Und das Spiel gegen Meschede ist noch einmal ein wichtiges, weil es darüber entscheidet, ob der SSV oder der TV Hörde als Tabellenzweiter in die Aufstiegsrelegation gehen darf. Auch wenn der Druck nun von den Schultern des Teams abfällt, bleibt die Motivation weiterhin hoch. So wird sich also auch im Training bis zum Saisonende nicht viel ändern. „Wir wollen ungeschlagen aus der Saison gehen und dafür auch entsprechend weiter trainieren“, sagte Schönsee.

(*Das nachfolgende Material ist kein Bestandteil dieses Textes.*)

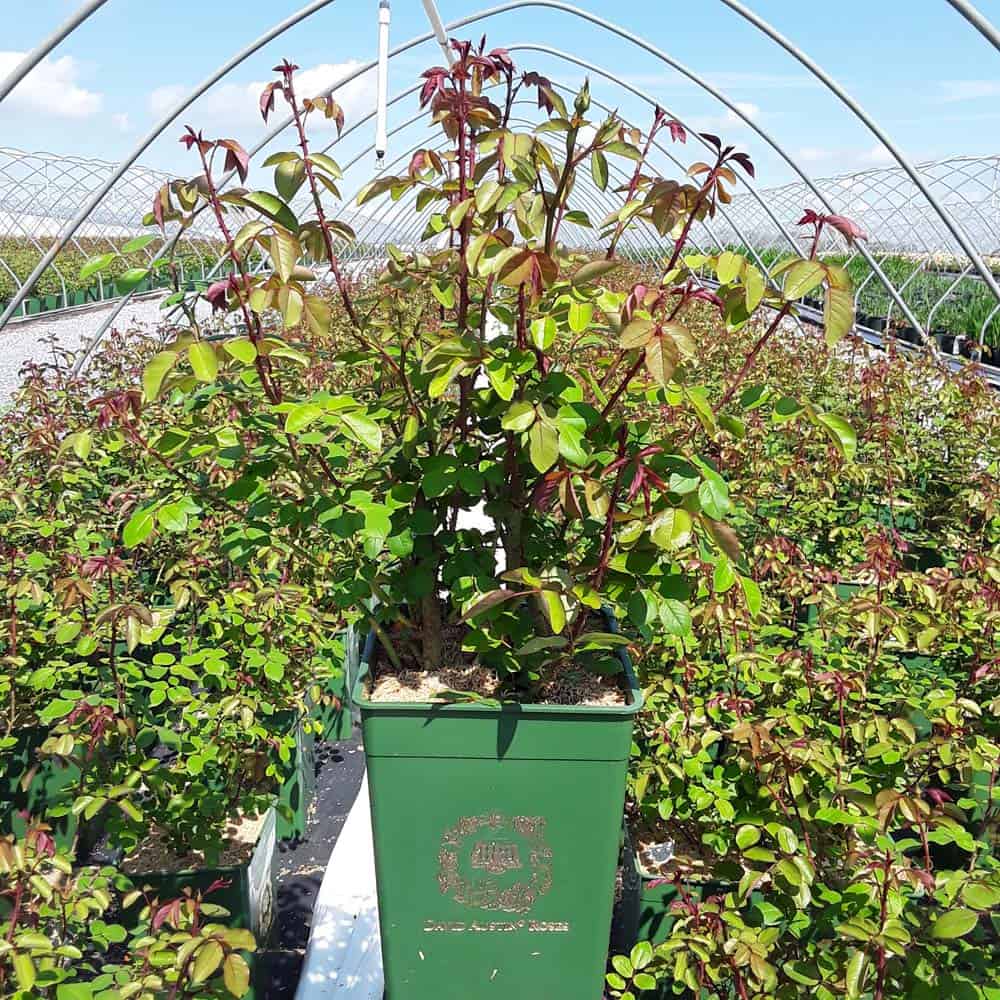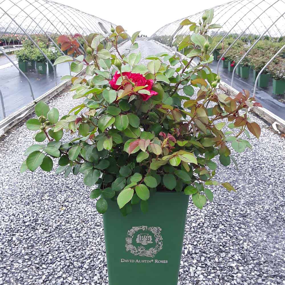 A striking David Austin® selection with large, bright crimson blooms that are beautifully formed and packed with petals intertwined at the center of each bloom. Flowering in flushes during the growing season the blooms bend over slightly with their weight, to give an elegant effect. There is a pleasing Old Rose fragrance and they make a lovely choice for cutting too. [Rosa]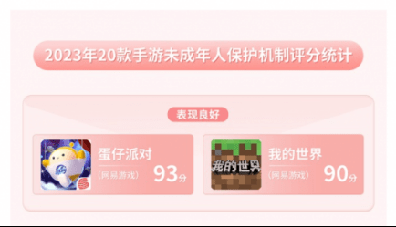 10月24日,消费日报发布《20款手游未成年人保护测评报告》。报告显示,“蛋仔派对”在二次认证、未成年人社交与内容防护以及关爱平台便捷跳转等方面优势较为明显,得分93分,夺得榜首。

Wernes Volleyballerinnen sind vorzeitig Meister - durch geschenkte Punkte aus Minden

TVW-Trainer Jochen Schönsee hat die Volleyball-Damen in seiner ersten Saison gleich wieder zurück in die Oberliga geführt. © Helga Felgenträger

Angesprochen auf den Höhepunkt der Saison sind sich Schönsee und Böhle einig. Das Rückspiel gegen den TV Hörde II am 27. Januar, in dem der TV Werne seinen damals ärgsten Konkurrenten zu Hause 3:0 aus der Halle fegte und vor über 200 Zuschauern seine beste Leistung der Saison abrief. „Ein Spiel zuvor haben wir Meschede geschlagen und als wir durch den Sieg über Hörde die Distanz zur Konkurrenz nochmal vergrößern konnten, kam das erste beruhigende Gefühl, dass wir nun alles in eigener Hand haben“, erklärte Schönsee. „Ich habe trotzdem immer gesagt, dass wir von Spiel zu Spiel schauen und jeden Gegner ernst nehmen müssen. Das hat das Team klasse umgesetzt.“

Volleyballerinnen freuen sich schon jetzt auf die Oberliga

Über die Saison gesehen steche die Entwicklung von Diagonalangreiferin Chiara Grewe besonders hervor. „Chiara hat einen riesigen Sprung gemacht. In Annahme, Abwehr und vor allem im Angriff ist sie zu einer wichtigen Stütze des Teams geworden“, sagte Schönsee. Außerdem sei es auch immer wieder ein großer Vorteil gewesen, in Steffi Buhl und Jenny Böttger zwei gleichwertige Zuspielerinnen im Kader zu haben. Aber vor allem die allgemeine Ausgewogenheit im Kader des TV Werne hat dem Team diese beeindruckende Saison ermöglicht.

„Im Vergleich zur letzten Saison, in der wir abgestiegen sind, sind wir viel konstanter geworden. In engen Spielsituationen haben wir uns nicht beirren lassen und es hat natürlich eine große Rolle gespielt, dass wir als Kader zusammengeblieben sind. Das zeigt auch nochmal das Gemeinschaftsgefühl in diesem Team“, sagte Böhle und erklärte damit, wie es möglich war, alle bisherigen Spiele zu gewinnen. „Es ist natürlich schön, so viel Spiele 3:0 zu gewinnen, aber wir freuen uns jetzt schon darauf, dass es in der Oberliga wieder etwas spannender wird.“

Anstatt am Samstag selbst aufzuschlagen, werden die Werner Damen nach Oberaden fahren, um ihre Reserve im Aufstiegskampf der Bezirksklasse anzufeuern und dann im Anschluss zur Feier der Meisterschaft Essen zu gehen. Ins letzte Heimspiel am 23. März geht es dann für alle mit doppelter Vorfreude.